Disseste-me uma vez que não suportavas a ideia de ver outros olhos iluminados pelos meus. Será por isso que a cada vez me apagas?

Vivo assim, encolhida, com a intensidade reduzida no nível que tu calculaste ser o certo para poderes abrir os  olhos, para ser tolerável e não luz intensa, que tudo ilumina, que não deixa espaço para sombras, que tudo revela, sem o sépia que disfarça as imperfeições.

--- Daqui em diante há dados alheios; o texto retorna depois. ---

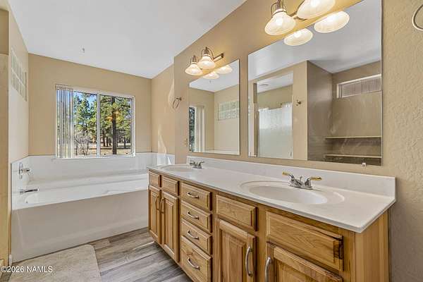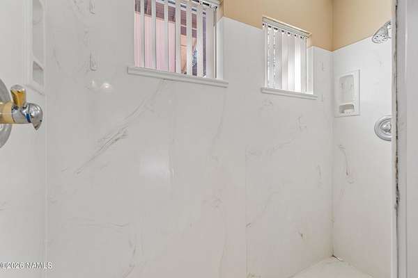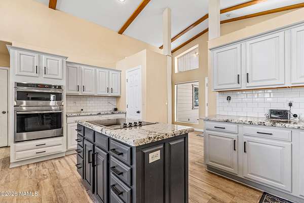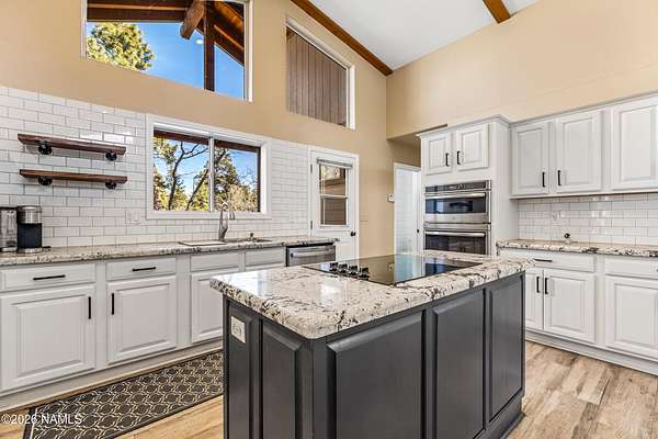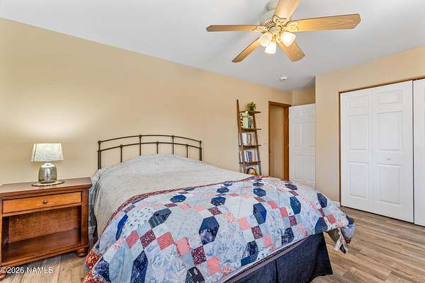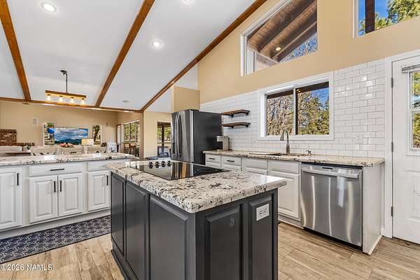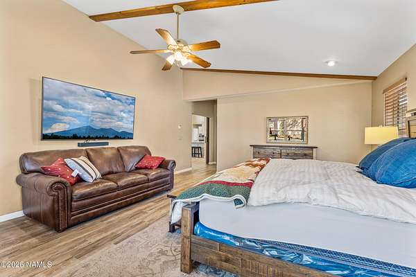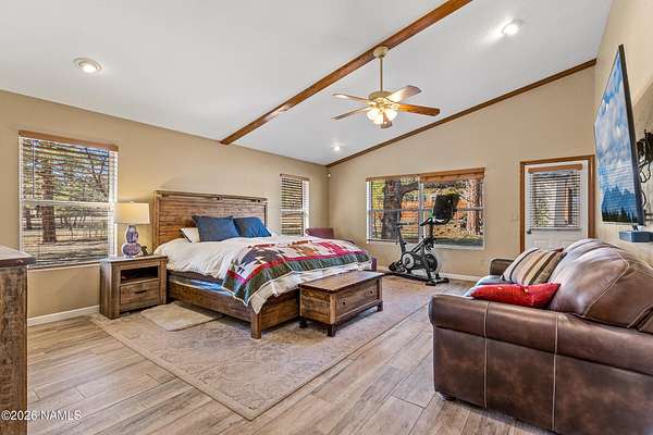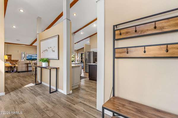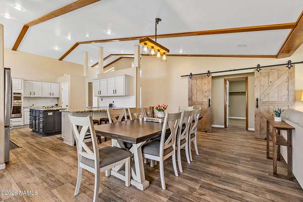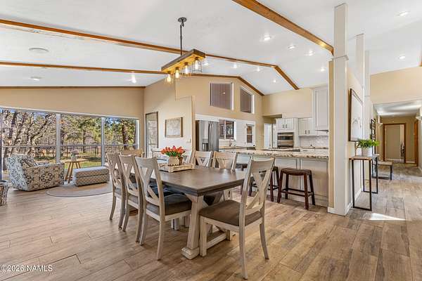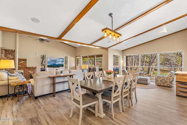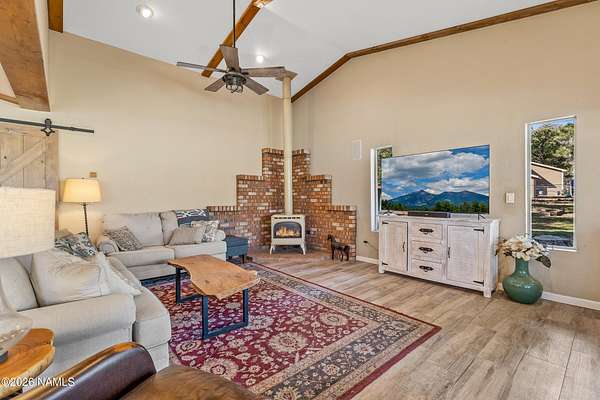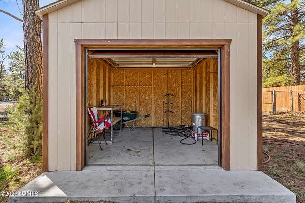 This rare 2.5-acre horse property in the tall pines of Flagstaff offers the perfect combination of forest privacy and equestrian convenience. The property has NO HOA and is fully equipped for horses with a four-stall barn, multiple turnout areas, steel pipe fencing, and a custom tack room and wash area. Surrounded by mature ponderosa pines, the setting feels peaceful and secluded while still being close to town and nearby trail systems, including access to Picture Canyon that you can ride out to. The single-level home features wood-look tile flooring throughout, in-floor heating, a gas stove, and a bright, open living area. The kitchen includes newer appliances and subway tile backsplash, while the home also offers a remodeled powder room and and a separate laundry room with cabinetry and a utility sink. Outdoor living shines with a large, covered patio, seating area, fire feature, and hot tub overlooking the property. Attached 2-car garage plus an additional detached 2-car garage/workshop provide ample space for vehicles, trailers, tack, or recreational gear--making this a true Northern Arizona horse property ready for riding and enjoying the outdoors.

Tu não sabes que, quando não estás, experimento rodar o botão. Achaste que o cravavas bem fundo, num sítio onde eu não chegasse. E eu sei que não te devo dizer que lhe chego. Estendo a mão e rodo devagarinho, para me habituar a mim mesma, esquecida do que sou neste tom suave em que me manténs. Aos poucos consigo habituar-me a ver tudo sem sombras e sem filtro suavizante. E nada me parece feio e assustador, apenas inteiro e vivo. Sei que tenho de voltar a rodar o botão para a posição em que o deixaste, decorei-a com a ponta dos dedos. Despeço-me devagar do brilho do que é a vida inteira e sinto-me encolher de novo. Um dia, talvez consiga perder o medo de que os outros não consigam abrir os olhos na minha presença. Nesse dia fujo. Arranco o botão, com ele no máximo e saio para o mundo. E sei que não me seguirás, porque se calhar só tu não consegues abrir os olhos.